- Location: Sancti-Spíritus Province
- Coordinates: 21°50′N 79°22′W﻿ / ﻿21.833°N 79.367°W
- Type: Reservoir
- Primary inflows: Zaza River, Yayabo River, Taguasco River, Tuinucú River
- Primary outflows: Zaza River
- Basin countries: Cuba
- First flooded: 1975
- Surface area: 113.5 km^{2} (43.8 sq mi)
- Water volume: 750×10^^{6} m^{3} (26×10^^{9} cu ft)
- Surface elevation: 25 m (82 ft)
- Settlements: Sancti Spíritus

= Zaza Reservoir =

Man-made reservoir in Cuba

Zaza Reservoir (Embalse Zaza, La Presa Zaza) is the largest man-made reservoir in Cuba. It is located in the Sancti Spíritus Province in central Cuba, 10 km south-east of the city of Sancti-Spíritus and 11 km north-west of La Sierpe. It has a water mirror area of 113.5 km2. and an average volume of 750,000,000 m³.

==Overview==
It was developed on the course of the Zaza River, which flows from Sierra del Escambray to the Tunas Channel in the Caribbean Sea and is Cuba's second longest river (after Rio Cauto). Other rivers that empty into the reservoir include the Yayabo, Taguasco and Tuinucú Rivers.
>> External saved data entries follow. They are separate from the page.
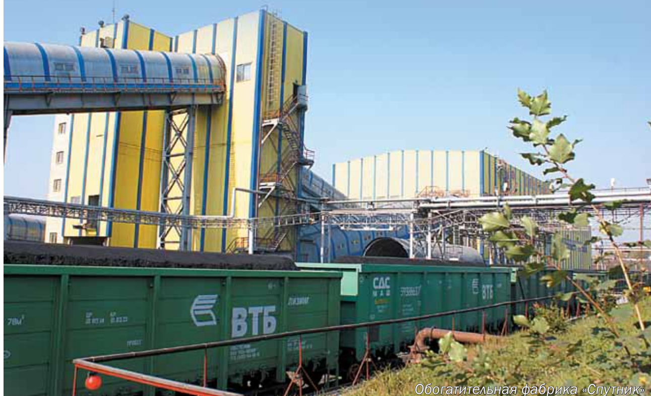
Обогащительная фабрика «Спутник»
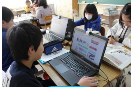
「頑張ってる勉強」 6年生になる前に！
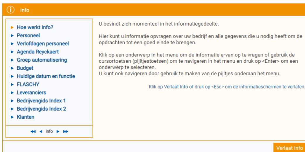
Figuur 2. Voorbeeld van het gegevensbestand

U wordt in de rol van een secretariaatsmedewerker geplaatst . U moet vragen beantwoorden over collega's, leveranciers en producten van die leveranciers. Hiervoor beschikt u over een uitgebreid dossier met informatieschermen. Om de vragen snel te kunnen beantwoorden, moet u via overzichtsschermen detailinformatie opvragen. Voor een aantal vragen volstaat het om één pagina te consulteren, voor andere vragen moet u verscheidene gegevens met elkaar in verband brengen.
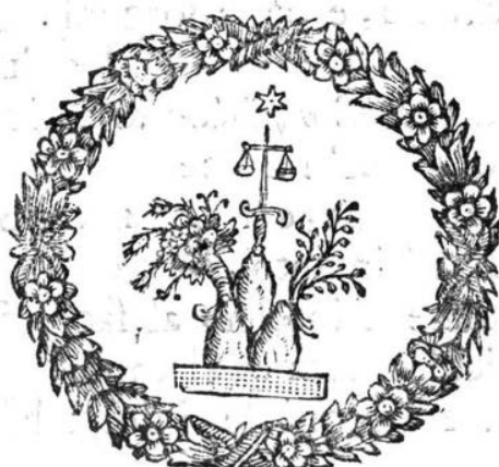
Abb. 2: Vignette mit Wappenemblem Papst Clemens XI. aus dem Libretto Vaticini di pace

Auch die äußere Form des Librettodrucks unterstützt die Aussage des Textes, indem die zentralen Worte – wie Clemente , Pace und Giustizia – durch Kapitälchen hervorgehoben und in der abschließenden Abbildung prägnant verbildlicht werden (siehe Abb. 2).
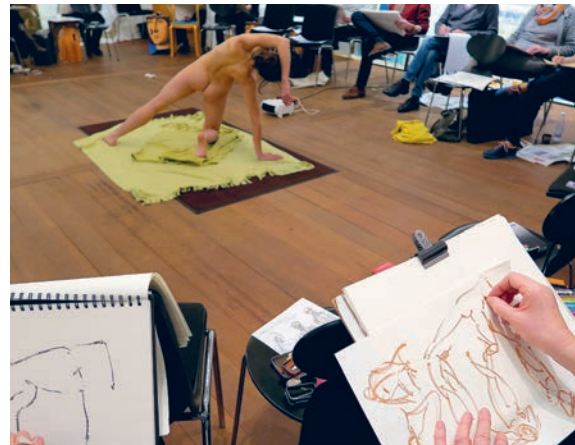
Croquisundervisning med eftermiddagshold og aftenhold

Omvisningen er gratis for årskortholdere og børn (u. 18) eller når entreen er betalt.
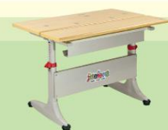
BHS02B-LV 800W x 695D x (550-760)H
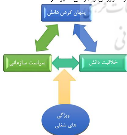
شکل ۱: مدل مفهومی پژوهش

لذا پژوهش حاضر به دنبال پاسخگویی به این سوال است که آیا سیاست سازمانی بر خلاقیت کارکنان از طریق پنهان کردن دانش با نقش تعدیل‌گر ویژگی‌های شغلی در بین کارکنان وزارت ورزش و جوانان تأثیر دارد؟
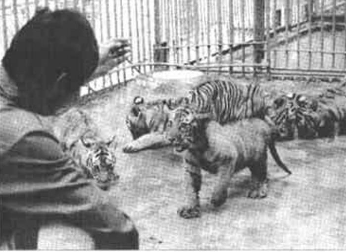
7月15日,河南省商丘市动物园工作人员为小东北虎仔喂食。2003年4月,河南省商丘市动物园一只母东北虎一胎生育5只虎仔...
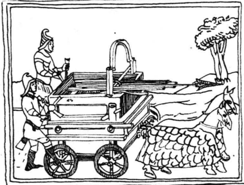
EXEMPLVM BALIS TE QVADRIOTIS.

La Drobeta s-a surprins construcția unor turnuri intermediare între porți și colțurile cetății, special amenajate pentru amplasarea mașinilor de război 49 . La Sucidava, turnurile semicirculare exterioare zidului, folosite pînă către ultimul sfert al secolului al IV-lea par să fi fost destinate amplasării artileriei 50 . Nu e exclus ca și la Drobeta și la Sucidava artileria să fi fost amplasată și la alte turnuri cu platforme special amenajate. Dafne nu trebuie să fi făcut excepție. Dacă admitem că ballistarii de la Dafne au staționat aici ca trupă limitanee , statică, atunci mașina de război specifică fortăreței era ballista fulminalis , de felul celei descrise de Anonymus de Rebus bellicis din a doua jumătate a secolului al IV-lea 51 , destinată exclusiv utilizării ei de pe platforma de artilerie din fortăreață (fig. 1). După descriere, acest tip de ballista era mult mai mare decît ballistele de fortăreață din secolul al II-lea care apar pe columna lui Traian (scenele 165 și 166) și evident decît cheiromballista sau manuballista lui Heron 52 . Tipul lui Anonymus se apropie foarte mult de cel înfățișat de Ammianus 53 . În secolul al IV-lea pare să fi existat o categorie specială
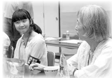
一緒にお茶を飲みながら話を聞くことも記者のお仕事(^^)

参加者の一人は「家に一人でいると寂しいけれど、ここに来るとみんなと会って楽しく過ごせます」と、話してくれました。家に閉じこもらずに、たくさんの人と交流することが、介護予防につながっています。今後は、季節ごとのイベントも考えているそうです。
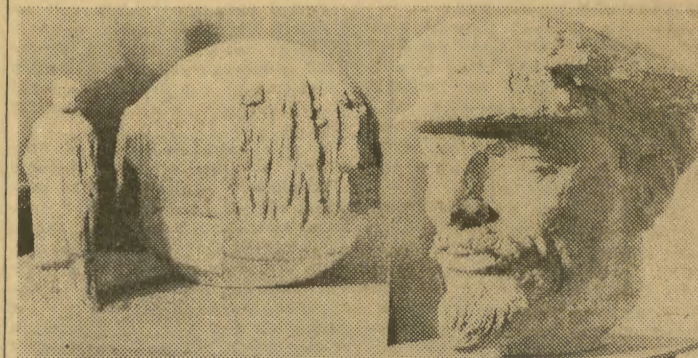
Praca J. Sieka

The Zaza Dam was built over a 3-year period and was completed on December 7, 1971, at a cost of 27 million Cuban pesos. A hydroelectric plant was subsequently added in 1978.

The water of the reservoir is used to irrigate the farmlands to the south all the way to the Caribbean coast. Fishing (both leisure and commercial) is also an important activity on the reservoir. One of the largest fresh water fish in the world, Arapaima gigas, was introduced to the waters in 1980. There are also other important fish, such as tilapia, trout, and catfish.

==Drought==
In 2024, the region was experiencing drought. The volume of water in the reservoir was reduced to 13%.